BUFFALO, N.Y. – The 33.8 million vehicles recalled by Japan’s Takata Corporation is the largest recall in automotive history. The recall is also creating mass confusion among U.S. consumers wondering if their vehicle is part of the recall or if their family is at risk of being victimized by defective air bags.
So many people were trying to log into the National Highway Traffic Safety Administration’s sister website, SaferCar.gov that the site crashed on occasion this week.
“These air bags were installed in more than 50 different vehicle models that could be driving around Buffalo,” car accident attorney Ross Cellino said. “These can pose serious safety hazards to anyone who drives or rides in these vehicles.”
Buffalo car accident attorneys say Takata’s recall was issued when it was discovered that some airbags may spray shrapnel when they inflate and the faulty safety devices have been liked to at least six deaths.

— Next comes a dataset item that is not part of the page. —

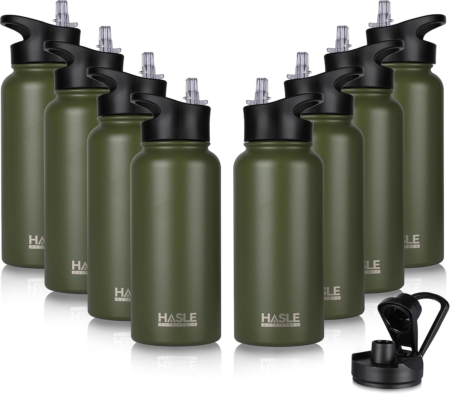 HASLE OUTFITTERS 32 oz Insulated Water Bottle Stainless Steel Double Walled Vacuum Sports Water Bottle with 2 Lids (Straw and Spout Lid) for Gym Camping Hiking(Army Green,8)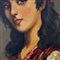 Dipinto olio su tavola, periodo XX secolo scuola italiana, raffigurante Ritratto di donna. Dimensioni: 30x46 cm. Reca firma in basso a destra di difficile lettura. Opera in buone condizioni.

“There are several ways to find out if your car is part of this increasingly large recall and if you or a family member has been in a recent accident, it’s important to know if that vehicle was part of this recall as well,” Cellino said.
-FINDING IF YOUR VEHICLE IS LISTED IN THIS RECALL:
The recalls are posted at SaferCar.gov, in which you type in a Vehicle Identification Number and the site will tell you if your vehicle is part of this specific recall, or others. NHTSA reported receiving over 600,000 requests this week, so consumers may need to be patient.
-ODDS ARE LOW:
Although there is a real danger of being injured by exploding airbags, the odds of suffering an injury associated with this recall is low. Of the 33.8 million vehicles recalled, six people have died worldwide and another 100 have suffered injuries. That equates to a .00031% chance of getting hurt.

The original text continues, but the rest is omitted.